Notice that the `axis=1` parameter makes the concatenation occur along columns rather than rows. Concatenation in pandas looks similar to this.

### Concatenation in pandas

Pandas has a function, `pd.concat()` that can be used for a simple concatenation of `Series` or `DataFrame` objects in similar manner to `np.concatenate()` with ndarrays.

In [None]:
ser1 = pd.Series(['a', 'b', 'c'], index=[1, 2, 3])
ser2 = pd.Series(['d', 'e', 'f'], index=[4, 5, 6])
pd.concat([ser1, ser2])

It also concatenates higher-dimensional objects, such as ``DataFrame``s:

In [None]:
df9 = pd.DataFrame({'A': ['a', 'c'],
                    'B': ['b', 'd']})
df9

In [None]:
pd.concat([df9, df9])

Notice that `pd.concat` has preserved the indexing even though that means that it has been duplicated. You can have the results re-indexed (and avoid potential confusion down the road) like so:

In [None]:
pd.concat([df9, df9], ignore_index=True)

By default, `pd.concat` concatenates row-wise within the `DataFrame` (that is, `axis=0` by default). You can specify the axis along which to concatenate:

In [None]:
pd.concat([df9, df9], axis=1)

Note that while pandas will display this without error, you will get an error message if you try to assign this result as a new `DataFrame`. Column names in `DataFrame`s must be unique.

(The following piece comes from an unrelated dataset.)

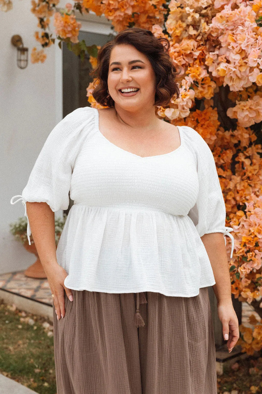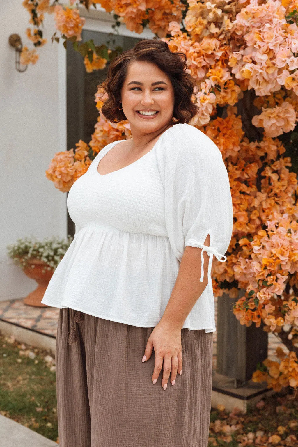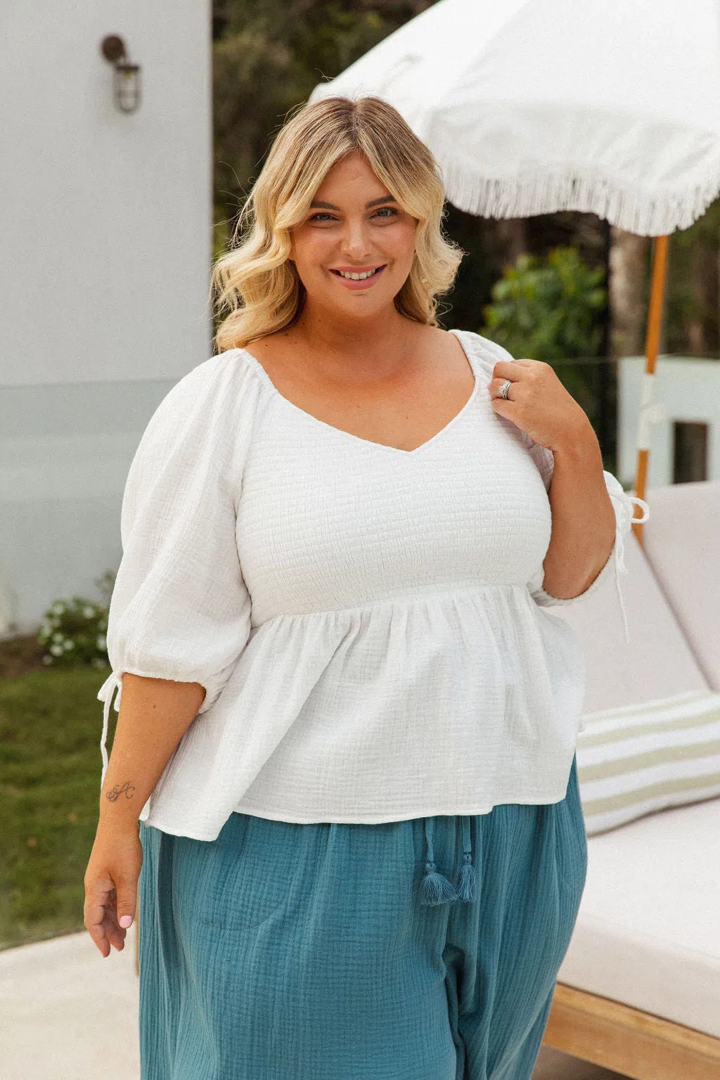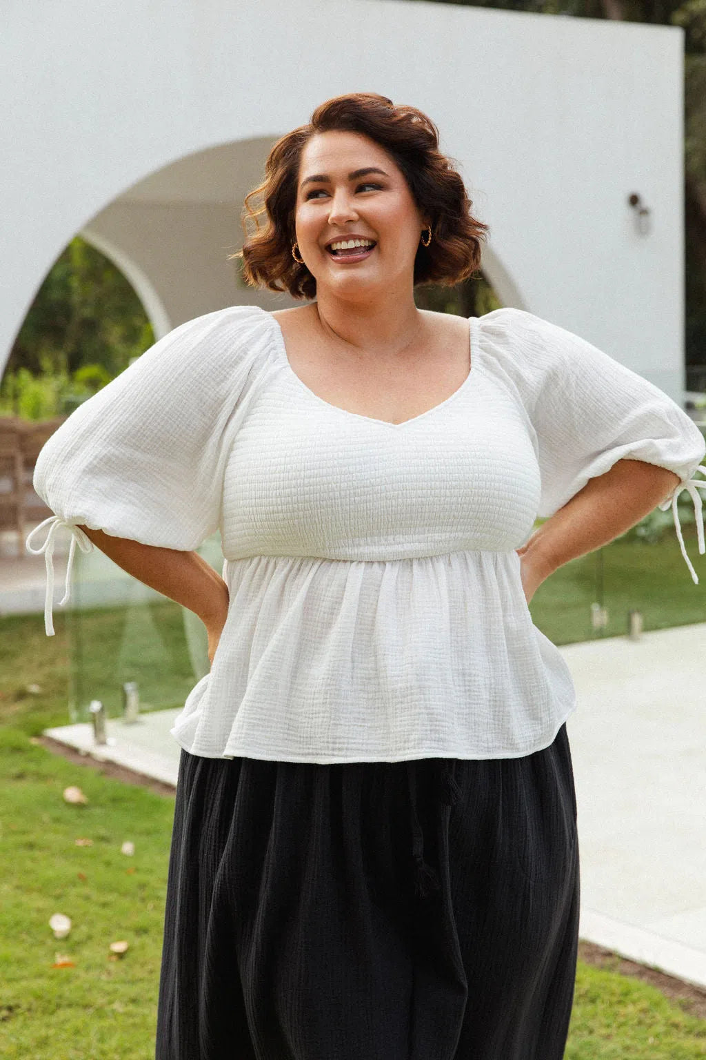 The Kate Top is the sweetest, most versatile top to add to your wardrobe! Its made from gorgeous, breathable textured cotton (so great for warmer days!), the fit is so flexible it works across body shapes, and the bodice is double lined for a supportive and smoothing, yet comfortable fit. This piece will complete your Peach wardrobe, pairing so well with our high waisted pant styles for a feminine, resort-vibe look.

### Concatenation with joins
Just as you did with merge above, you can use inner and outer joins when concatenating `DataFrame`s with different sets of column names.

In [None]:
df10 = pd.DataFrame({'A': ['a', 'd'],
                     'B': ['b', 'e'],
                     'C': ['c', 'f']})
df10

In [None]:
df11 = pd.DataFrame({'B': ['u', 'x'],
                     'C': ['v', 'y'],
                     'D': ['w', 'z']})
df11

In [None]:
pd.concat([df10, df11])

As we saw earlier, the default join for this is an outer join and entries for which no data is available are filled with `NaN` values. You can also do an inner join:

In [None]:
pd.concat([df10, df11], join='inner')

Another option is to directly specify the index of the remaininig colums using the `join_axes` argument, which takes a list of index objects. Here, we will specify that the returned columns should be the same as those of the first input (`df10`):

In [None]:
pd.concat([df10, df11], join_axes=[df10.columns])

#### `append()`

Because direct array concatenation is so common, ``Series`` and ``DataFrame`` objects have an ``append`` method that can accomplish the same thing in fewer keystrokes. For example, rather than calling ``pd.concat([df9, df9])``, you can simply call ``df9.append(df9)``:

In [None]:
df9.append(df9)

**Important point**: Unlike the `append()` and `extend()` methods of Python lists, the `append()` method in pandas does not modify the original object. It instead creates a new object with the combined data.

> **Takeaway:** A large part of the value you can provide as a data scientist comes from connecting multiple, often disparate datasets to find new insights. Learning how to join and merge data is thus an essential part of your skill set.

## Exploratory statistics and visualization

> **Learning goal:** By the end of this subsection, you should be familiar with some of the ways to visually explore the data stored in `DataFrame`s.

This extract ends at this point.